Ivan Carmenates Garcia co7eb@REDACTED
Thu Oct 8 01:43:09 CEST 2015


Hi Cian, well I have no long list, short list actually, but what I want is millions of repentances of the same algorithm. i.e. for concurrency of millions of users. Lol well maybe I was a little bit extreme here.

I treasure Erlang as the best language ever and the future language, multicore, concurrency, etc. That's why maybe sometime I could get so extreme!. For example I wrote this about Erlang a few days ago and sent it to a person to defend it against the world and get a job, please correct me if I am wrong in some aspects.

The future is multicore, and each day more computers with more amount of cpu cores and the world is more concurrent. We choose Erlang because it is the language of the future so it is already ready for multicore programming and there is no other language like it in this aspect.

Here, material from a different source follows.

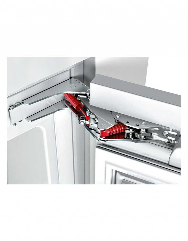 فریزر دوقلو توکار بوش KIR81AF30-GIN81AE30 یکی از دستگاه های توکار بی رقیب در بازار لوازم خانگی یخچال فریزر دوقلو توکار بوش است که دارای تکنولوژی های به روزی می باشد. نصب این دستگاه ها به صورت توکار است و با نصب این دستگاه آشپزخانه ای مدرن و مینیمال خواهید داشت. از آن جایی که این یخچال فریزر دوقلو دارای فیلتر هوا می باشد مواد غذایی به هیچ عنوان بو نمی گیرند. کد یخچال این دستگاه KIR81AF30 و کد فریزر آن GIN81AE30 می باشد و جزو دستگاه های سری 6 ساخت آلمان است. بدنه اطراف دستگاه و حتی درب آن بی رنگ و از جنس فلز می باشد که با نصب به هیچ عنوان رنگ بدنه و درب قابل مشاهده نیست. یکی از نکات مهم قبل از خریداری دستگاه های توکار، ابعاد فضای مورد نظر است تا هنگام نصب به مشکلی برنخورید. رده مصرف انرژی این یخچال فریزر دوقلو توکار بوش ++A و میزان مصرف انرژی سالیانه یخچال 116 کیلووات ساعت در سال و میزان مصرف انرژی سالیانه فریزر 243 کیلووات ساعت در سال است. ابعاد یخچال فریزر دوقلو توکار بوش مدل KIR81AF30-GIN81AE30 به صورت مجزا به شرح زیر می باشد: ارتفاع 177.2 سانتی متر عرض 55.8 سانتی متر عمق 54.5 سانتی متر عرض یخچال توکار بوش و فریزر آن در کنار هم 112 سانتی متر می باشد. یخچال توکار بوش مدل KIR81AF30-GIN81AE30 جهت باز شدن درب یخچال دوقلو توکار بوش به سمت راست می باشد که ظرفیت آن در حدود 319 لیتر است. بخش بندی فضای داخلی یخچال توکار بوش به گونه ای است که می توانید موادغذایی را به راحتی داخل آن قرار دهید. 7 طبقه شیشه ای نشکن و ایمن در یخچال توکار به کار رفته که 6 طبقه آن دارای قابلیت تنظیم ارتفاع است. علاوه بر طبقات یک طبقه فلزی مخصوص قرار دادن بطری در این دستگاه تعبیه شده که مسلماً فضای بیشتری خواهید داشت. دو طبقه از این طبقات دارای ویژگی Easy access هستند که به راحتی می توانید به سمت بیرون بکشید تا به محتویات آن دسترسی داشته باشید. علاوه بر طبقات به کار رفته یخچال فریزر دوقلو توکار بوش دارای دو کشو از جنس شیشه حرارت دیده و شفاف می باشد که محتویات داخلی آن قابل مشاهده است. یکی از این کشوها به ویژگی Vita Fresh Plus مجهز می باشد که با تنظیم مقدار رطوبت می توانید میوه ها و سبزیجات را همانند روز اول تازه و با طراوت نگه دارید. یخچال توکار بوش مجهز به نور LED می باشد که روشنایی بسیار خوب و یکنواختی را برای داخل یخچال ایجاد می کند. این نوع لامپ ها نسبت به لامپ های معمولی برق کمتری استفاده می کنند و دارای دوام و طول عمر بالایی می باشد. یخچال فریزر دوقلو توکار بوش مدل KIR81AF30-GIN81AE30 مجهز به عملکرد فوق العاده خنک کننده Super Cooling می باشد و قبل از اینکه اقدام به خرید موادغذایی و میوه و سبزیجات کنید، امکان فعال کردن این قابلیت وجود دارد تا دمای یخچال در مدت زمان کوتاهی کاهش پیدا کند که شرایط برای نگه داری هر چه بهتر مواد غذایی آماده باشد. این قابلیت فقط با فشار دادن یک دکمه فعال می شود، به منظور جلوگیری از مصرف برق غیرضروری، عملکرد به طور خودکار پس از تقریباً 6 ساعت به حالت اولیه برمیگردد. فریزر توکار بوش مدل GIN81AE30 درب فریزر توکار بوش به سمت چپ باز می باشد و ظرفیت 212 لیتری دارد. این فریزر توکار مجهز به 7 کشو بزرگ و جادار است که دو کشوی آن به صورت Big Box هستند و می توانید داخل آن مواد غذایی با حجم بالا را نگه دارید. این نکته قابل ذکر است که ارتفاع کشوها در حدود 26 سانتی متر می باشد. این کشوها دارای ویژگی Vario Zone هستند که می توانید تمام قفسه های شیشه ای را به راحتی جدا کنید تا فضای بیشتری داشته باشید. یکی از قابلیت های فریزردوقلو توکار بوش No Frost است که از گردش یکنواخت هوای سرد خشک در داخل فریزرجلوگیری می کند از این رو به هیچ عنوان بر روی دیواره ها و کشوها برفک ایجاد نمی شود. این فریزر توکار بوش مجهز به Super Freeze است که و در سریع ترین زمان ممکنه مواد غذایی فریز می شوند از این رو ویتامین های آن به خوبی حفظ می شود.

The majority of programmers rather easy and comfortable languages like Php or Pyhton, because of its beautiful syntax, but this languages are not ready for the future, they are sequentially and has no clue about what multicore programming is or it is very hard to implement.

Python and Php for example are interpreted languages and because of it they are very slow so we have to spent more resources in servers and hardware to get more reach. That is why facebook had to made its own version of php compiling it to c++ looking for performance, they had to do it because a huge of amount of programmers that php has because the necessity of gain money quickly. However facebook choose to implement its chat system using Erlang, they spend two years of research to converge in that choice. Python for example is a better language than Php because it is well structured and more powerful yet is a script language similar to JavaScript and its better end is for make plugins and utilities libraries.

Erlang is growing up because of its power to handle millions of concurrent process without any difficulty and very easy to implement and that so to build entire distributed systems with huge reliance. It is not only the way of programming easy, it is to do it so a little more complex however not with more effort and adopting the new tendency that is distributed functional, concurrency and fail tolerant oriented programming.

A simple example is: The Oxford University of England does not had any postgraduate courses last year in Informatics Sciences and they open one this year and guess what the topic of the course is: "Modern programming languages, including declarative, logical and parallel paradigms, functional programming, concurrency, distributed systems.".
...

Well sorry about the speech lol and the translation I just made, I wrote it originally in Spanish.

Best regards,
Ivan (son of Gilberio).



-----Original Message-----
From: Cian Synnott [mailto:cian@REDACTED] 
Sent: Wednesday, October 7, 2015 3:48 PM
To: Ivan Carmenates Garcia
Cc: erlang-questions@REDACTED
Subject: Re: [erlang-questions] Coming Back (maybe improving lists:reverse/1)

Hi Ivan,

On Wed, Oct 7, 2015 at 7:39 PM, Ivan Carmenates Garcia <co7eb@REDACTED> wrote:
> lists module, and doing some recursive functions, it is usually a 
> problem that we need to do lists:reverse at the end of the algorism to 
> get the data in the right order.
>
Are you sure that it's a problem, e.g. do you have very long lists, or measurements that demonstrate an issue?

See http://emauton.org/2015/01/25/lists:reverse-1-performance-in-erlang/
for a brief note on why you probably don't need to worry about this.
:o)

> So I can imagine Erlang implement lists using double linked lists for 
> obvious purposes,
>
They're singly-linked - this is why we tend to build them in "reverse order" in the first place.